Prove: The boundary of the set $\{(x,y,z) \in \mathbb{R}^3 | z > \sqrt{x^2+y^2}\}$ isn't a smooth manifold.
The boundary is defined by $z = \sqrt{x^2+y^2}$. I'm trying to think how to approach this problem. I know that the problematic point is $0$, because intuitively, it seems like the mapping isn't smooth at that point.I know that because smooth manifolds are locally homeomorphic to $\mathbb{R}^n$, so in our case the the manifold around the point (0,0,0) has to be homeomorphic to either an open set in $\mathbb{R}$ or in $\mathbb{R^2}$. The former can't be true because removing one point from the manifold, for example, (0,0,0), doesn't disconnect it but removing one point from $\mathbb{R}$ does.

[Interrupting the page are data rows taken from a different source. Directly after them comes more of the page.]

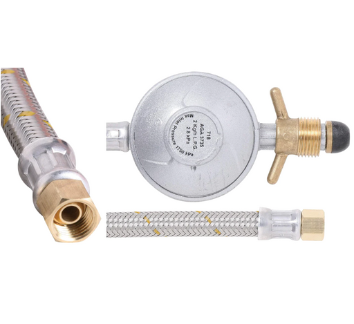This stainless steel braided gas hose with an LCC27 regulator connects appliances with a 3/8" SAE fitting to an LPG gas bottle. It's durable and se...
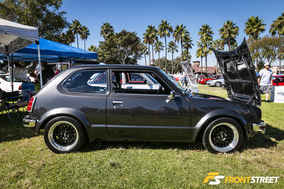 The stance was achieved using custom control arms, BC Racing coilovers and a set of 15×6-inch Work Meister wheels.
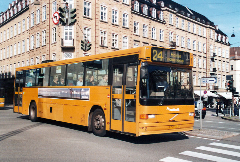 | Die Volvo B10M mit Aabenraa-Aufbau verfügen über einen Hochflurinnenraum mit je einer Doppeltür vorne und hinten, wobei der Fahrgastfluss von hinten nach vorne erfolgt. Wagen 392 befährt nahe des Rathauses die Park Alle in Richtung Bahnhof. | ||
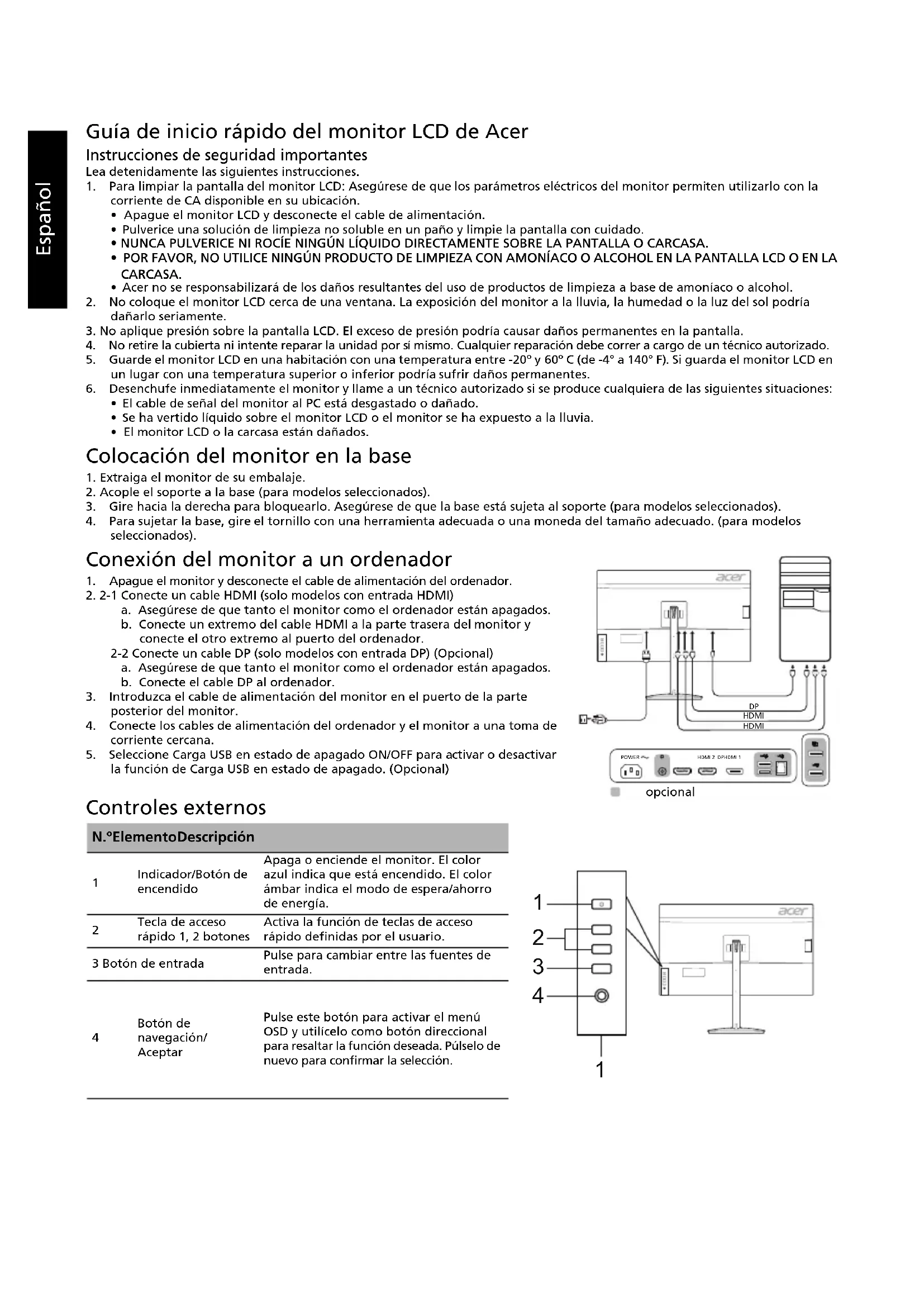 Contraste 100000000:1 Máx. (ACM) Ángulo de visión 178° (horizontal) 178° (vertical) (CR=10) Tiempo de respuesta 1 ms (G a G) / 0,5 ms (G a G, min.) Tipo de panel In-Plane Switching Frecuencia H HDMI: 31 - 222 kHz / DP: 31 - 395 kHz Frecuencia V HDMI: 56 - 144 Hz / DP: 56 - 270 Hz Colores de la pantalla 16,7 millones Reloj de punto HDMI: 595,5 MHz / DP: 1056,97 MHz Resolución máxima HDMI: 2560 x 1440 @ 144 Hz / DP: 2560 x 1440 @ 240 Hz DP: 2560 x 1440 @ 270 Hz (Con Aum. vel. reloj ACTIVADO) Plug & Play VESA DDCCI/DDC2B Clase de eficiencia energética C *Consumo de energía anual 86 (kWh) (para el modelo de entrada HDMI) Consumo de energía (a 200 unidades) Modo encendido 45 W (típico) Modo de suspensión 0,45 W (típico) Modo apagado 0,3 W (típico) Conector de entrada HDMI (solo el modelo de entrada HDMI) / DP (solo el modelo de entrada DP) Señal de entrada de vídeo HDMI (solo el modelo de entrada HDMI) (Opcional) / DP (solo el modelo de entrada DP) (Opcional) Altavoces 2 W x 2 (Solo modelo de entrada de audio) (Opcional) USB USB 3.0 x 4 (Opcional) Tamaño máximo de pantalla Horizontal: 708,4 mm Vertical: 398,5 mm Fuente de alimentación 100-240 V, 50/60 Hz Consideraciones ambientales Temperatura de funcionamiento: de 0º a 40º C Temperatura de almacenamiento: de -20º a 60º C Humedad de funcionamiento: entre el 20% y el 80% Dimensiones 727,48 (ancho) x 479,18 ~ 609,18 (alto) x 269 (diagonal) mm Peso (peso neto) 9,5 kg (neto) Especificaciones de funcionamiento Inclinación: de -5º a +35º (el grado de inclinación máximo en el punto más alto es de 35 grados) Giro: 360° Ajuste de altura: de 0 mm a 130 mm Pivote: No Soporte extraíble: Sí Controles externos Interrruptor/Botones Botón de encendido Tecla rápida 1 Tecla rápida 2 Entrada Menú/Navegación/Aceptar Funciones Brillo Contraste Luz azul Aumento de negro ACM HDR*** Supernitidez Gamma Temp. Color Modos Espacio de color Modo escala gris Matiz de 6 ejes Satur. 6 ejes Volumen Silencio Sobrecarga FreeSync Premium** Tasa de actual. Latencia ultrabaja Punto de mira Idioma T. de espera OSD Transparencia Bloqueo OSD Entrada Fuente automát. Formato DP Asignac. teclas rápidas Modo panorámico PIP/PBP DDC/CI Nivel negro HDMI Modo inicio ráp. Aum. vel. reloj# Carga USB en estado de apagado Información de la pantalla Restablecer config. Salida Las especificaciones varían en función del modelo o la región.Français Guide de démarrage rapide (GDR) – Moniteur LCD Acer Instructions importantes de sécurité Veuillez lire attentivement les instructions ci-dessous. 1. Pour nettoyer l'écran du moniteur LCD : Assurez-vous que l'alimentation requise pour votre moniteur correspond à l'alimentation secteur dans la zone géographique où vous vous trouvez.• Éteignez le moniteur LCD et débranchez le cordon d'alimentation.

I'm stuck because I can't see a way to topographically disprove the second case. I though about another approach: Assume to the contrary that the boundary is a manifold, therefore there exists some co-map $f$ of the manifold at point $(0,0,0)$ s.t.: $f(x,y, \sqrt{x^2+y^2}) = 0$. I tried deriving both sides, but didn't get anywhere. It seems like I'm out of ideas to disprove the question... Any help would be welcome.